Read: The NHS’s future workforce and Levelling up.

This week's guest blog by Andrew Attfield, Associate Director for Public Health at Barts Health NHS Trust.


As  Stevie Wonder famously sung, “the children are our future”, and it is hard to argue with that.  But for the NHS addressing this is more than a platitude than a necessity.  NHS Providers are reporting 110,000 vacancies at the moment which are a major impediment to takling the backlog of appointments and procedures.  NHS workforce shortage has "serious and detrimental" impact on services - NHS Providers.  At the same time, as the ONS are reporting, how public sector pay is lagging significantly behind private sector pay Average weekly earnings in Great Britain - Office for National Statistics (ons.gov.uk).

At Barts Health we noticed the difficulties of attracting young people into the community employment programmes we run in partnership with the Prince’s Trust.  Young people were telling us they wanted to work for us but could get a better paid job at Westfield in Stratford without the rigmarole of applications forms and onboarding.   If they got through to interview stage, they were up against adults with more experience who met the recruitment criteria more closely that a young person with very little on their CV. At the same time, we were acutely aware of the need to connect with more excluded groups of young people to ensure that we were fulfilling our anchor mission to address inequalities in our East London communities.  With NEET numbers still rising (see Labour Market Trends 2022 | NHS Employers) there is an overlap between labour market and community l needs. 

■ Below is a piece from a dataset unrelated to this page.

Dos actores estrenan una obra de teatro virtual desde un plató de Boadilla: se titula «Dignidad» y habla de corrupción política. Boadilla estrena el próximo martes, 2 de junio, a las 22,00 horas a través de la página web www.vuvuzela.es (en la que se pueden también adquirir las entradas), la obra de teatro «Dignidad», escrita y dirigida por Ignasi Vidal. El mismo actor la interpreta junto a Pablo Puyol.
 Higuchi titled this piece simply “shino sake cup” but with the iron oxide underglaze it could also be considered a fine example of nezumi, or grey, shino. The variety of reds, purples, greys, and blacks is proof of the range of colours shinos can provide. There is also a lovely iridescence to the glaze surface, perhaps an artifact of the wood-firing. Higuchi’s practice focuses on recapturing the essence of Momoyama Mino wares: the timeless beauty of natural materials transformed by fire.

We needed to build a bridge. To address these issues, we enlisted the help of the emerging leaders programme at JP Morgan, who’s UK base is at Canary Wharf, which is in our patch.  The JPM team provided a refreshingly commercial take on our issues with a SWOT analysis that showed we needed to be more joined up and focussed on this section of the labour market.   Through a series of meetings with the volunteers on the programme, who were all based in East Asia or Australia we thrashed out a series of recommendations and set up a Youth Opportunities Forum to progress these.

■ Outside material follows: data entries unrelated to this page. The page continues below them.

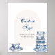 Custom sign featuring watercolor stack of blue teacups. Personalise with your own text. Matching collection in the Adore Paper Co. Zazzle shop.
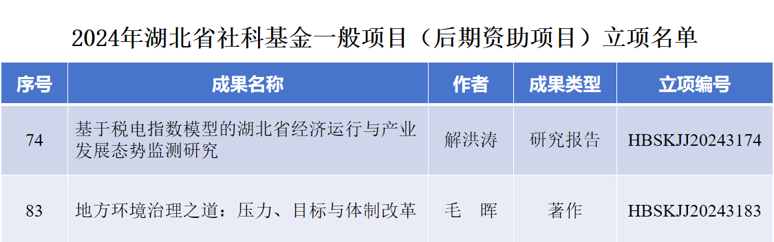 近日,湖北省社会科学界联合会发布了《关于2024年湖北省社科基金一般项目(后期资助项目)立项名单的公告》,财政税务学院解洪涛教授和毛晖教授分别获得立项资助。
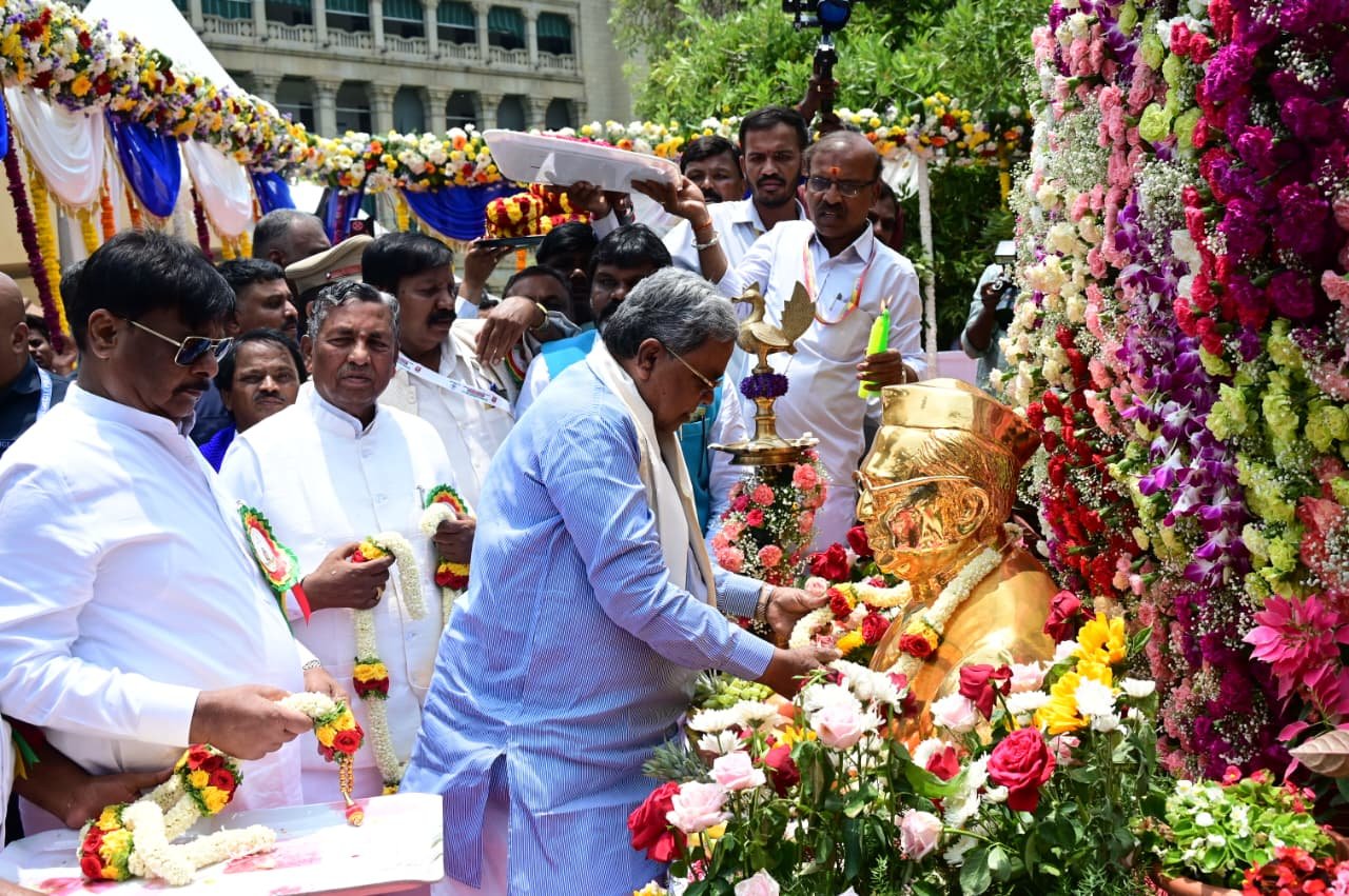 ಬೆಂಗಳೂರು: ಸಮಾಜ ಕಲ್ಯಾಣ ಇಲಾಖೆಯ ವತಿಯಿಂದ ಇಂದು ಹಮ್ಮಿಕೊಳ್ಳಲಾಗಿದ್ದ ಹಸಿರು ಕ್ರಾಂತಿಯ ಹರಿಕಾರ, ರಾಷ್ಟ್ರ ನಾಯಕ, ಭಾರತದ ಮಾಜಿ ಉಪ ಪ್ರಧಾನಿ ಡಾ. ಬಾಬು ಜಗಜೀವನ ರಾಂ ರವರ 119 ನೇ ಜನ್ಮದಿನಾಚರಣೆ ಪ್ರಯುಕ್ತ ವಿಧಾನಸೌಧದ ಪಶ್ಚಿಮ ದ್ವಾರದಲ್ಲಿರುವ ಡಾ.ಬಾಬು ಜಗಜೀವನ ರಾಂ ರವರ ಪ್ರತಿಮೆಗೆ ಮುಖ್ಯಮಂತ್ರಿ ಸಿದ್ದರಾಮಯ್ಯ ಅವರು ಮಾಲಾರ್ಪಣೆ ಮಾಡಿದರು.

We already were doing a lot.   We had strong links with 37 schools in East London as part of our widening participation scheme – Healthcare Horizons – which is successfully providing awareness of health careers and providing practical help with careers advice and work experience and we had entered into a partnership with Newham College to set up the Barts Health Futures hub to provide an access route into jobs and careers.  We had good relationship with the Prince’s Trust, and Local Authorities and community partners so were well place to access young people and support, and indeed had established a talent pool of young people

However this still didn’t provide the stepping stones we needed for young people.  So with the support of the Forum we established a Prince’s Trust Youth programme whereby each hospital in the Barts group was asked to set aside vacancies that could be filled from the Healthcare Horizons’ talent pool.  Targets were set based on still mix and vacancy level for each hospital and a challenge process set up at Vacancy Control level to secure ringfenced vacancies. Similar targets were set up for direct entry apprenticeship positions and New to Care training schemes set up using the Futures Hub to specifically recruit to Healthcare Assistant roles.   As a result 77 young people have secured jobs and apprenticeships at the Trust and the programme is well on course to deliver its target of 100 by next March.  There is still a lot to do, particularly in opening up apprentice pathways but shows what can be done.  

Key lessons learned: 

  1.  Great leadership from the top matters – Group People Director Daniel Waldron chairs the Youth Opportunities Forum and ensures progress

  2. Working away at every level is important and have an internal focus can patiently get results

  3. Jobs are currency when it comes to partnership and provides leverage when gathering external support and resource 

  4. Having an anchor vision means that business needs can be supplemented with social purpose.  And in health terms these are not either/or but plus/plus.

A lot of the other work we do in provider public health is based on health equity and in a sense this work forms part of this.   Ensuring that all sections of the community have access to positive life choices such as good quality work and careers is a health outcome and one that contributes to the NHS’s levelling up vision.